== Segment start ==
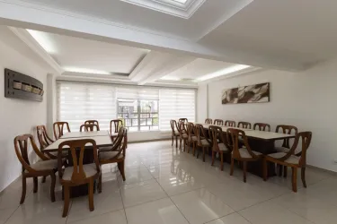 Salão de festas equipado para recepções sociais e celebrações dos moradores
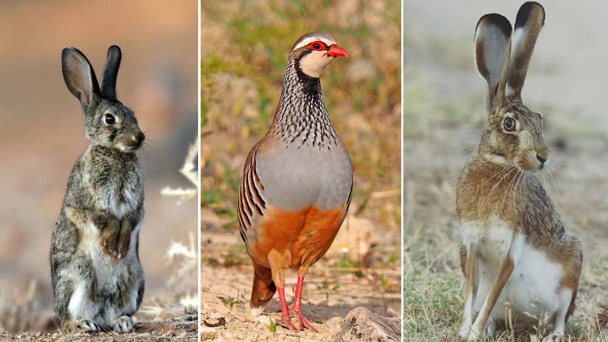 Un cazador se ve obligado a ralentizar la marcha del vehículo para no atropellar a las perdices rojas y conejos que se cruzan en su camino.
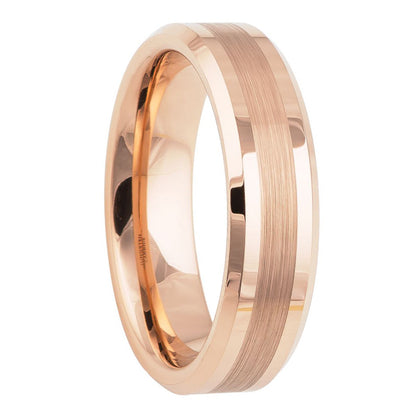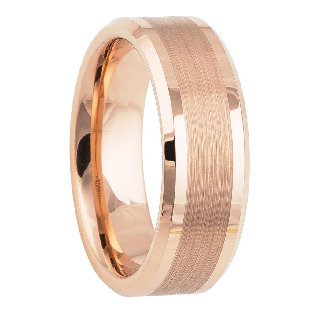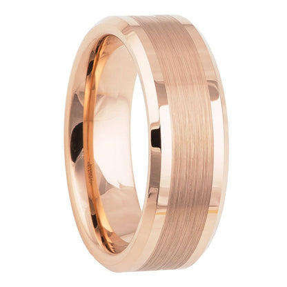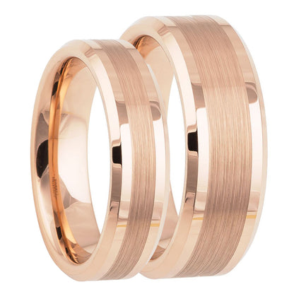 Rose Gold Brushed Center Tungsten Couple's Matching Wedding Band Set
== Segment end ==
Give back the material exactly as written, images excluded.

_Expected answer_
 Salão de festas equipado para recepções sociais e celebrações dos moradores
 Un cazador se ve obligado a ralentizar la marcha del vehículo para no atropellar a las perdices rojas y conejos que se cruzan en su camino.
 Rose Gold Brushed Center Tungsten Couple's Matching Wedding Band Set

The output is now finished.